Enjoy is very dark, scratchy effects and Gary Numan industrial synths; I like that deep sound. Bjork's voice is distant and melodic. "I wish I only love you, I wish implicitly" she croons as the synths gyrate like house music. The electronic rhythms are overpowering but somehow this really works. You've Been Flirting Again is another of the ballads Bjork likes to perform to show her vulnerable sad side. I never like them on her other albums, and this is no different. It is painfully slow and has a repetitive violin sound.
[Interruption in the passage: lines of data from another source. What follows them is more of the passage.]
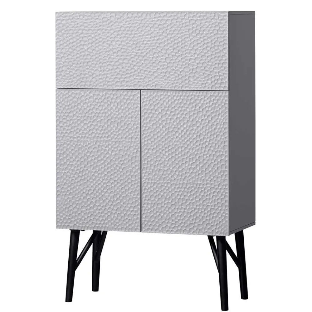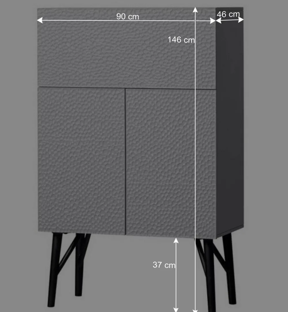 Die Oberflächen des Barschranks sind pflegeleicht lackiert, was ihn besonders pflegefreundlich macht und Ihnen gleichzeitig eine lange Lebensdauer garantiert. Die Türen und die Klappe sind aus geschnitztem Mangoholz gefertigt, das mit einer einzigartigen 3D-Struktur versehen ist – so entsteht eine individuelle und faszinierende Optik, die mit jedem Blick neue Details preisgibt. Der Korpus besteht aus stabilem Kiefernholz, das zusammen mit den Einlegeböden aus Spanplatte und der Rückwand aus HDF für eine robuste Konstruktion sorgt. Abgerundet wird der Look durch das schwarze Metall-Fußgestell, das dem Barschrank eine moderne Leichtigkeit verleiht.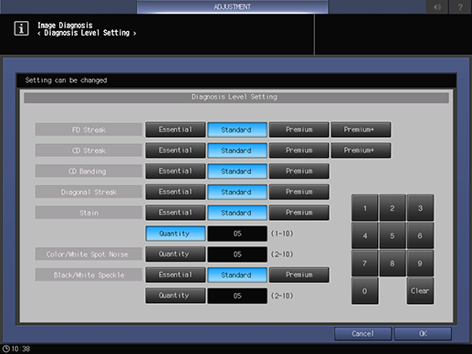 [Ruido punto color/blanco] | [Cantidad] | Ajuste el número de puntos blancos o de color que deben diagnosticarse. Utilice el teclado en pantalla para introducir el valor numérico. Rango: de 2 a 10 |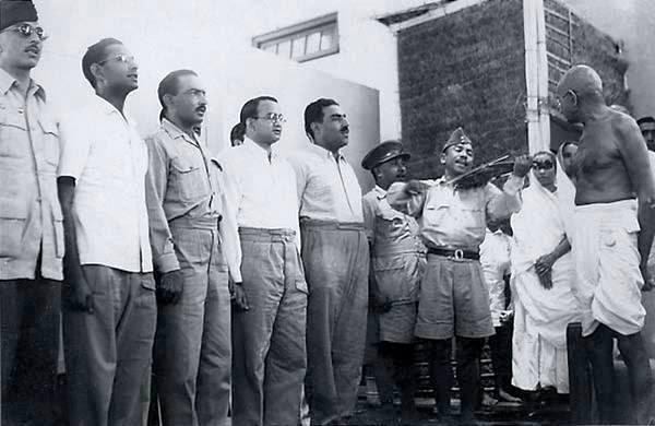 Delhi, 1945. Capt. Ram Singh Thakuri and other Azad Hind POWs sing the National Anthem during a visit by Gandhiji.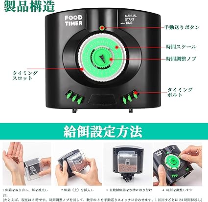 【給餌時間と給餌量を設定自由】出張、お出かけの時、魚の給餌心配要らない、自動給餌器があります。1日1回~10回(10つの定時ボルトが付き)まで配給回数設定が可能で、毎回1回転可能です。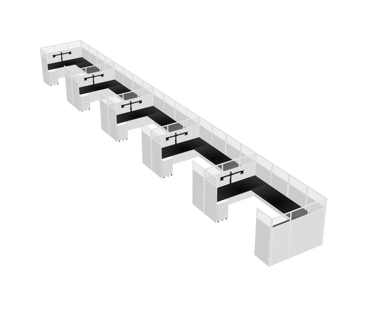 Système De Panneaux En U Noir Pour 5 Personnes + Bras D'écran (bras Doubles) + Tiroirs Mobiles En Métal Pour 5 Utilisateur(s)

Isobel has more orchestral arrangements, a brass section and ambient strings, until an electro-drum begins and scratchy guitar. Bjork sings of being in "a forest pitch as dark, my name Isobel married to myself". The strings are luscious and sweeping, and overall this is a nice song.

Possibly Maybe is a quiet song with a lone organ motif, and Bjork's vulnerable voice overlayed as sinister strings are heard. The atmosphere is bleak and esoteric as a slow bass pulse is heard down tuned and electronic.

I Miss You has an electro pulse and a fast paced percussion sequence. Bjork says she misses me though she hasn't met me yet, but I can't relate to what she is on about; perhaps an imaginary relationship is not as painful as the real deal so she fantasises about the untouchable lover who is out there somewhere ready to sweep her off her feet.

Cover Me is a short thing with creepy keyboards and a mad whispering vocal that is sinister and haunting. Not my taste at all but it is quite a unique minimalist piece, the keyboards are progressive and almost improvisational. It ends with Headphones, with a low key humming keyboard and Bjork singing like the previous song, whispering quietly without force, just taking it easy voicing phrases such as "they haven't been touched before, these sounds are virgins, my headphones they saved my life, lulled me to sleep, nothing will be the same, I like this resonance, it elevates me, I don't recognise myself, this is very interesting." A compelling eerie song that says something about how music becomes our companion in our darkest hour.

So ends a satisfactory album, and I was quite fascinated by most of it. Bjork fans will love this no doubt as she is in her element here, having fun shocking the establishment and twisting music to form her own style.